Placing the blame directly on the United States, the Inuit Circumpolar Conference filed a complaint with the Inter-American Commission on Human Rights stating the United States’ refusal to limit its emissions has violated the rights of the Artic Inuit people to use their traditional lands, their rights to health and life, and to their livelihood. While the commission rejected the petition in December, Inuit leaders vow to continue the struggle to expose these violations. (Nunatsiaq News, Dec. 17)

Not only are capitalist corporations—the government’s real bosses—unwilling to do anything to stop what is already becoming a global crisis; some of them are still actively trying to mislead the public to think that global warming doesn’t exist.

A Jan. 3 press release from the Union of Concerned Scientists announced their new report on “how ExxonMobil has adopted the tobacco industry’s disinformation tactics, as well as some of the same organizations and personnel, to cloud the scientific understanding of climate change and delay action on the issue. According to the report, Exxon Mobil has funneled nearly $16 million between 1998 and 2005 to a network of 43 advocacy organizations that seek to confuse the public on global warming science.” The report is available at www.ucsusa.org.
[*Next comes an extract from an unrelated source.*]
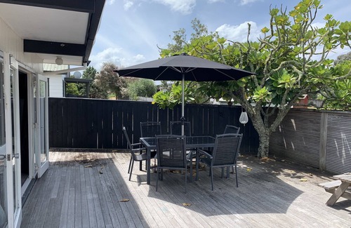 Los niños tienen mucho espacio para jugar en el jardín (el jardín trasero puede ser cercado) o los niños pequeños pueden disfrutar del columpio debajo del árbol pohutakawa. El bach está ubicado en un encantador y tranquilo callejón sin salida con una gran reserva central, ideal para cualquier juego de cricket / fútbol extendido.

The release explains that ExxonMobil has:

• raised doubts about even the most indisputable scientific evidence;

• funded an array of front organizations to create the appearance of a broad platform for a tight-knit group of vocal climate change contrarians who misrepresent peer-reviewed scientific findings;

• attempted to portray its opposition to action as a positive quest for “sound science” rather than business self-interest;

• used its access to the Bush administration to block federal policies and shape government communications on global warming.

If ExxonMobil were a country, it would be the sixth-largest expender of global warming emissions. (AlterNet, Jan. 8)

Other corporations attempt to cover up their horrible track records on the environment by making only the paltriest efforts to help. For example, a New York Times editorial lauds Wal-Mart for pushing to sell 100 million compact fluorescent light bulbs—which use less energy than regular light bulbs—a year. More than half the electricity in the U.S. comes from coal-burning plants, the editorial reports.

Yet from Connecticut to Washington to Pennsylvania, complaints have been filed against Wal-Mart stores for violations of water quality standards, as well as pesticide and fertilizer pollution. In Dallas, the U.S. Environmental Protection Agency was willing to waive some water quality standards just for Wal-Mart stores.

While products like compact fluorescent light bulbs can provide some reprieve to the problem of global warming emissions, the largest contributors to the problem are not individuals, but these corporations. Under capitalism, they are allowed to run rampant, trampling over any rights of workers, including environmental protection, unless a struggle forces them back.

In addition, when disasters occur as a result of these policies—like Hurricanes Katrina and Rita—the U.S. government is not only ill-equipped but unwilling to deal with the consequences to the people. Recently, National Hurricane Center Director Max Mayfield stepped down from his 34-year position, saying that the United States lacked the political will to commit to the kind of hurricane preparedness that will be needed in the current highly active hurricane cycle. (Los Angeles Times, Jan. 3)

The struggle to save the planet from global warming is therefore yet another reason why capitalism must be replaced with a system that places people—and the environment that sustains them—over profits.